We will begin by organizing the data frames. The datasets contain Mainland China as a country which should just be China. So, we will rename the columns, replace all entries for 'Mainland china' with just 'China', get rid of all the null values or empty entries, aggregate the results by summing the cases, deaths, and recovered cases. We will then create a simple data frame with these counts and plot them in a TreeMap.
# Rename some columns
confirmed_cases.rename(columns = {"Province/State": "State",
"Country/Region": "Country"}, inplace = True)
confirmed_deaths.rename(columns = {"Province/State": "State",
"Country/Region": "Country"}, inplace = True)
confirmed_recovered.rename(columns = {"Province/State": "State",
"Country/Region": "Country"}, inplace = True)
# Replace country that have Mainland China to just China
confirmed_cases['Country'].replace('Mainland China', 'China', inplace=True)
confirmed_deaths['Country'].replace('Mainland China', 'China', inplace=True)
confirmed_recovered['Country'].replace('Mainland China', 'China', inplace=True)
# Get rid of empty data
confirmed_cases[['State']] = confirmed_cases[['State']].fillna('')
confirmed_deaths[['State']] = confirmed_deaths[['State']].fillna('')
confirmed_recovered[['State']] = confirmed_recovered[['State']].fillna('')
confirmed_cases.fillna(0, inplace=True)
confirmed_deaths.fillna(0, inplace=True)
confirmed_recovered.fillna(0, inplace=True)
# Aggregate all the cases so we can see total sum for all countries
cases_count = confirmed_cases.iloc[:, 4:].sum().max()
deaths_count = confirmed_deaths.iloc[:, 4:].sum().max()
recovered_count = confirmed_recovered.iloc[:, 4:].sum().max()
# Print the info
print('=============================')
print('Confirmed cases:', cases_count)
print('=============================')
print('Confirmed deaths:', deaths_count)
print('=============================')
print('Confirmed recovered:', recovered_count)

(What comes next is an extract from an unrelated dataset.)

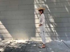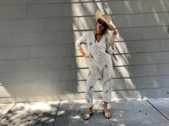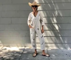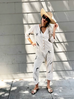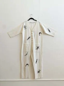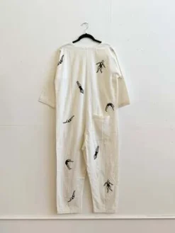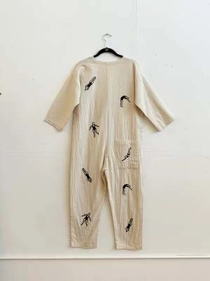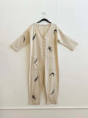 Black swimmers hand-block printed on a natural cotton that’s hand-spun and hand-waved in India. One size fits many. Relaxed look.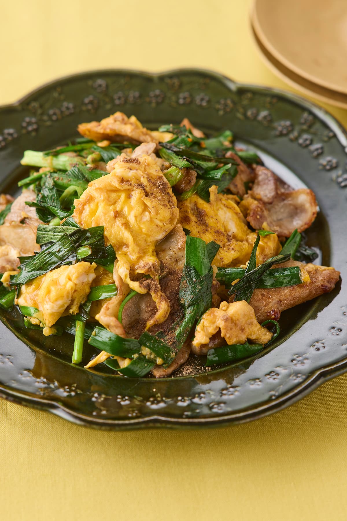 卵の味つけは塩ひとつまみとヒハツだけ。炒めたら、「もう少し加熱したほうがいいかな?」と迷う程度で取り出すのが、ふわとろの半熟状にするポイント。豚バラ、にら、しょうがを炒め、しょうゆとオイスターソースで味をつけたら、卵を戻し入れてさっとひと混ぜ。最後にヒハツをもうひとふりして、さわやかな風味に仕上げます。

print('=============================')
# Make a dataframe consisting of the counts
counts_df = pd.DataFrame({
'Total cases': [cases_count],
'Total deaths': [deaths_count],
'Total recovered': [recovered_count],
'Active cases': [cases_count - deaths_count - recovered_count]
})
print("Dataframe with the counts-\n")
print(counts_df)
# We can convert all rows to columns in long format using melt
counts_long_df = counts_df.melt(value_vars=['Active cases', 'Total deaths', 'Total recovered'],
var_name='status', value_name='count')
counts_long_df['Upper'] = 'Total cases'
print('==============================================================')
print('Dataframe with counts as rows')
print(counts_long_df)
============================= Confirmed cases: 80783674 ============================= Confirmed deaths: 1764863 ============================= Confirmed recovered: 47320022 ============================= Dataframe with the counts- Total cases Total deaths Total recovered Active cases 0 80783674 1764863 47320022 31698789 ============================================================== Dataframe with counts as rows status count Upper 0 Active cases 31698789 Total cases 1 Total deaths 1764863 Total cases 2 Total recovered 47320022 Total cases
Now that we have our simple dataframe, we can plot the counts in a treemap.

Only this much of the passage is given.